Marcel de Puit

Marcel de Puit

Netherlands Forensic Institute, Netherlands

Title: Chemical analysis of fingerprints


After a position at Pfizer (Sandwich, UK) and Specs Compound Handling (Delft, NL), Marcel de Puit was recruited by the Netherlands Forensic Institute (NFI) as the Research Lead for Fingerprint Research in 2007. Marcel de Puit's experience in research started at the University of Glasgow (Scotland, UK) with a R&D trainee-ship as a part his BSc-studies, under the supervision of Prof. P. J. Kocienski. After finishing the BSc-degree he took up a Ph.D. position at the University of Leeds, UK, again under the supervision of Prof. P. J. Kocienski.

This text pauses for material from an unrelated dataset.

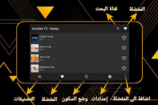 تطبيقنا له استخدام ممتع بواجهته الرائعة ومميزاته ، وهناك قنوات كردية مجانية ومحطات إذاعية كردية.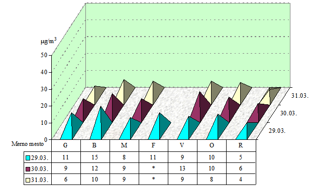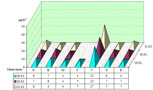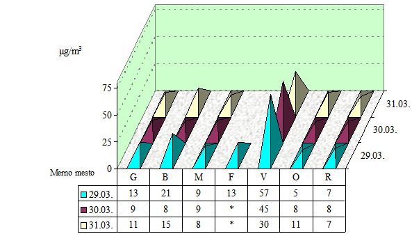 Napomena: 0 - ispod granice detekcije 0,5 µg/m3

The composition of fingerprints has been investigated various times and the analysis of that matrix still has great challenges. We have recently published a novel method for the analysis of amino acid from fingerprints and fingerprint models using GCMS can give insight in the processes involved in the visualisation of fingermarks. In this presentation we will discuss new approaches towards the analysis of amino acids in fingerprints using LCMS and the consecutive analysis of fatty acids using GCMS. Key developments are the easy to use derivatisation/extraction protocols and the development of the analytical methods. The methods show good correlation coefficients, low LOD's and good extraction efficiency. We will show two applications of the method (a) the differences between 1,2-indanedione-ZnCl2 and ninhydrine in respect to the effects on reactivity with amino acids and (b) the generation of amino acid and fatty acid profiles. The results from the first application shows that, as expected, the performance of 1,2-indanedione-ZnCl2 and Ninhydrin are very much the same, but far better than DFO. This leads us to the conclusion that the resulting product from reaction of amino acids with 1,2-indanedione-ZnCl2 gives a higher optical yield then ninhydrin. And both ninhydrin and 1,2- indanedione-ZnCl2 give better synthetic yields then DFO. The results from the second application give insight into intervariability of the amino acid profiles from 20 donors, generated with the LCMS method. These profiles can be used to obtain information on exogenous and endogenous materials of the donor of a fingerprint.